В ту зиму тридцать восьмого — тридцать девятого года новое увлечение вошло в нашу детскую жизнь. Возникло это поветрие среди девочек в школе, но вот уже и дома мы все, включая Алешу, стали вести дневники. Наверное, было бы забавно наблюдать со стороны, как четыре-пять подростков сидят за одним столом и что-то строчат в «общие» толстые тетради, заслоняя свои записи друг от друга локтями. Но наблюдать, кроме маленькой Лёли, было некому. Маме было не до нас. Так, во всяком случае, мы считали. Вместе с новым увлечением был нами принят и новый домашний закон. В общем письменном столе, приобретенном для нас недавно «по случаю» отцом, каждому принадлежал отдельный ящик. И вот было решено, что никто не имеет права заглядывать в чужой. Мы соблюдали наше постановление, но однажды, ища карандаш, я заглянула в Алешин ящик и случайно наткнулась на его дневниковые записи, обнаружив к своему удивлению, что мой брат вырос и вовсе не равнодушен к внешности и талантам моих подруг. Во всяком случае красота белокурой Лили Брянской производила и на него в его двенадцать лет сильное впечатление.
Насколько я могла судить, увлечение дневниками скоро стало проходить и у моих подруг, и у моего брата. У меня же обратилось в постоянную, долгую и сладостную привычку. Оставшись в этой страсти в одиночестве, я стала делать ежедневные записи уже не на глазах у всех, а поздно вечером, когда «дети» укладывались спать.
Несмотря на сближение с женой отца и дружбу с соседкой, на постоянное присутствие в нашей комнате моих подруг и друзей, у меня всегда оставался какой-то угол в душе, не подлежавший освещению ни перед кем и одновременно требовавший раскрытия. Дневник в какой-то мере (в мере умения выражать чувства) удовлетворял эту тайную потребность. В нем нашли отражение мои метания между маминым гневным отрицанием режима и разоблачением массовых психозов времени и Нининым согласием с миром, в котором она чувствовала себя хозяйкой, что было так незнакомо привлекательно для меня, связанной рождением с гонимыми, а не с гонителями.
Когда были опубликованы дневники Нины Костериной в пятидесятые годы (или в шестидесятые? я ведь написала на них рецензию, а вот не помню, когда именно это было), кто-то из наших тогдашних собеседников усомнился в возможности девочки тридцатых годов так самостоятельно судить о событиях эпохи.
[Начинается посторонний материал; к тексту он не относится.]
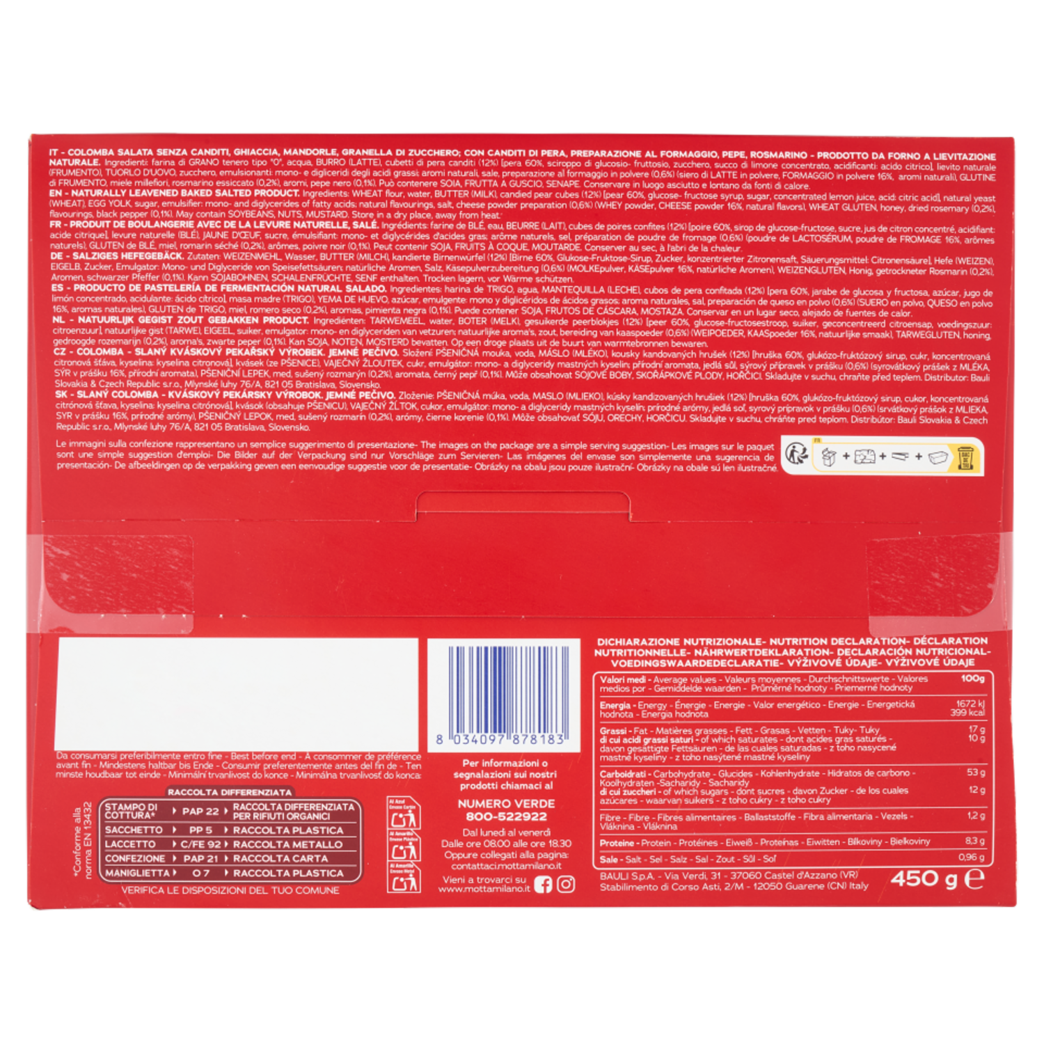 Motta la Colomba Salata Formaggio e Pere 450 g
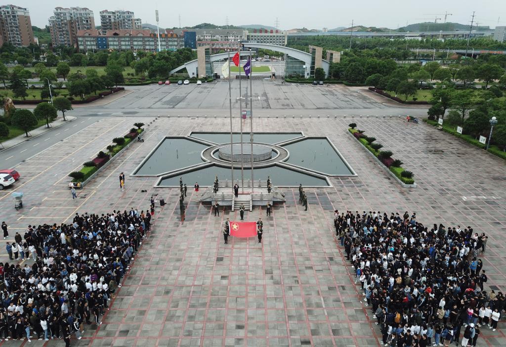 5月20日,湘杏学院含浦校区全体同学于湖南中医药大学含浦校区南门国旗台参加以“青春旗帜·青春心向党 ,建功新时代”为主题的升旗仪式,湘杏学院党委书记王文波、湘杏学院院长谢辉、党委副书记毛芳武以及学生科老师参加此次活动。

Но мама со всегдашней страстностью воскликнула в ответ: «А вы бы почитали Катины предвоенные дневники! Очень похоже». Увы, тайн не было, она, конечно, читала наши дневники, но педагогично молчала. До поры до времени. О первом ее признании в своей осведомленности я скажу несколько позднее. Второе произошло уже во время войны, вероятно, в ноябре сорок первого года, когда немцы были совсем близко от Москвы. А я все писала и писала, занося в очередную тетрадь свидетельства исторических событий. И вот однажды мама сказала: «Уничтожь свои дневники». — «Почему?» — «Потому что война». — «Ну и что?» — «Все может произойти. Могут разбомбить и наш дом». — «При чем же тут мой дневник?» — «Будут валяться по переулку твои тетради. А может быть, мы сами и не погибнем при этом. И кто-то прочитает то, что ты пишешь. Ты когда-нибудь думала об этом?» Я не думала. Но вынуждена была согласиться с такой возможностью. Так прекратили существование мои дневники. Мы бомб боялись меньше, чем огласки наших тайных мыслей.
Но в тридцать девятом году летопись ведется полным ходом. И я все чаще замечаю, что то, что я успела или сумела записать, приобретает какую-то значительную законченность в моем сознании и памяти, что я становлюсь властной над чем-то, иначе неуловимо протекающим мимо.